Chapter 5 - Muscular System Flashcards
What is the muscular system?
This system links the nervous and nervous system and is responsible for generating the forces that MOVE the human body.
Note: Bones help us stand up straight, where as the muscles help us move and attach to the bones via tendons.
What are the 3 types of muscles in the body?
skeletal, cardiac (heart), and smooth (tissues and internal organs)
What is skeletal muscle? What are the primary functions?
The type of muscle tissue that connects to bones and generates the forces that create movement.
Primary functions: Produce movement, support the skeletal system (bones), help with homeostasis by producing heat.
What is the fascia?
The first layer of connective tissue. It surrounds the skeletal muscles and bones.
What is epimysium?
The inner layer of the fascia that directly surrounds the muscle. Also known as “deep fascia”.
What are fascicles?
The largest bundle of fibers that within a muscle. Fascicles are surrounded by perimysium.
What is perimysium?
Connective tissue surrounding a muscle fascicle.
What is endomysium?
Connective tissue that wraps around individual muscle fibers within a fascicle.
What is glycogen?
Glucose (sugar), that is deposited and stored in bodily tissues (like liver and muscle cells). The storage form of carbohydrates.
What is myoglobin?
Protein-based molecule, that carries oxygen into the muscles.
What is myofibrils?
Where contraction of a muscle occurs.

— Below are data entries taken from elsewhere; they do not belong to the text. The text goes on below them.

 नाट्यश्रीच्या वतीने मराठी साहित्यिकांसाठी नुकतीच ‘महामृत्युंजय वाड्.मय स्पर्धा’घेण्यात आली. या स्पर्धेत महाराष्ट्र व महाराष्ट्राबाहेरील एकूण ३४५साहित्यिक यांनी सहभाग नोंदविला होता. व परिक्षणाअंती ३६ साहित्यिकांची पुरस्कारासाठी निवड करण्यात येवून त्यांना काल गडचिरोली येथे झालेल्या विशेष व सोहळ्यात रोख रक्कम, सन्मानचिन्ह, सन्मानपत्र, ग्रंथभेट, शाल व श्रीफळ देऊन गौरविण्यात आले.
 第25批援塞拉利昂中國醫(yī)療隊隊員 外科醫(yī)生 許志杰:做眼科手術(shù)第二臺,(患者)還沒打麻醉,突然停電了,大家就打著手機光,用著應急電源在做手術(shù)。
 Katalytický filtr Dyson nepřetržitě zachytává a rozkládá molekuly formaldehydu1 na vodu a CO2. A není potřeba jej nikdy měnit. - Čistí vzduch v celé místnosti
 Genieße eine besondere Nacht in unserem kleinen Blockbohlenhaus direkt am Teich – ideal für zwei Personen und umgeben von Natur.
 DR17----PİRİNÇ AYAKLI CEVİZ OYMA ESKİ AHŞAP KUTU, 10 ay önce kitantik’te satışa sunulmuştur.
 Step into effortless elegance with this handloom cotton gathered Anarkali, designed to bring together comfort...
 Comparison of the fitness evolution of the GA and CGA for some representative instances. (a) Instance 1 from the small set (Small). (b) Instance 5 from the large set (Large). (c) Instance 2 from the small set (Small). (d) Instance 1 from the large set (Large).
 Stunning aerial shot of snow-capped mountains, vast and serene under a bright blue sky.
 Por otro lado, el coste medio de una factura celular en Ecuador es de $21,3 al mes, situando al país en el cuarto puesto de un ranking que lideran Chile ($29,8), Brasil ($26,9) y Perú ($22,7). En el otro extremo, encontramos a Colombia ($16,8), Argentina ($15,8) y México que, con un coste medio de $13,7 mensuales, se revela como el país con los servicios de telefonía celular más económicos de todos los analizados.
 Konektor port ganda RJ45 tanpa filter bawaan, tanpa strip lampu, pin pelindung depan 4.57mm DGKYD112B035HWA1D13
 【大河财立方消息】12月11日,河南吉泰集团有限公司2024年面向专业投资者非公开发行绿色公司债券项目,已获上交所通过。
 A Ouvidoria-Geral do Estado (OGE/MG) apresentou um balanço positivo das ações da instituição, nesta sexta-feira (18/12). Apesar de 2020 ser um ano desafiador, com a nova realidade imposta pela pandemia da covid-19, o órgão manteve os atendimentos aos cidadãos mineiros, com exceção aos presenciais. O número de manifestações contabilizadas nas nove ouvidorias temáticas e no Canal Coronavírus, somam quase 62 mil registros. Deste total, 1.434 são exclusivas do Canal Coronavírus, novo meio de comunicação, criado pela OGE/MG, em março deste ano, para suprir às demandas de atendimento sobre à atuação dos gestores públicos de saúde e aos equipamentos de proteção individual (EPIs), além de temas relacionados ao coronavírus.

They are the contractile components of a muscle cell.
*These are the circles within the muscle fiber.
The myofilaments (actin and myosin) are contained within a myofibril.
What is myofilaments?
The filaments of a myofibril; include actin and myosin.
What is Actin?
A thin myofilament that helps produce muscular contraction.
What is Myosin?
A thick myofilament that helps product muscular contraction.
What is Sarcomere?
The structural unit of a myofibril composed of actin and myosin filaments between two Z-lines. This is the functional unit of the muscular system, this is where muscular contraction occurs.
What is the Z-line?
The meeting point of each sarcomere.
What is neural activation?
The nervous system’s signal that tells a muscle to contract.
The communication link between the nervous system and the muscular system.
What is the neuromuscular junction?
The specialized site where the nervous system communicates directly with muscle fibers.
What is synapse?
A junction or small gap between the motor neuron and muscle cells.
What is a motor unit?
A motor neuron and all of the muscle fibers that it innervates.
What is action potential?
Nerve impulse that is relayed from the central nervous system, through the peripheral nervous system, and into the muscle across the neuromuscular junction.
What are neurotransmitters?
Chemical messengers that cross the synapse between neuron and muscle and assist with nerve transmission.
Essentially, neurotransmitters represent the translation of the nervous system’s electrical message into a form the muscle cells can understand and act on.
What is Acetylcholine (ACh)?
A neurotransmitter used by the neuromuscular system
It helps the action potential cross the synapse into the muscle, which initiates the steps in a muscle contraction.
What is Sliding Filament Theory?
The series of steps in muscle contraction involving how myosin (thick) and actin (thin) filaments slide past one another to produce a muscle contraction, shortening the entire length of the sarcomere.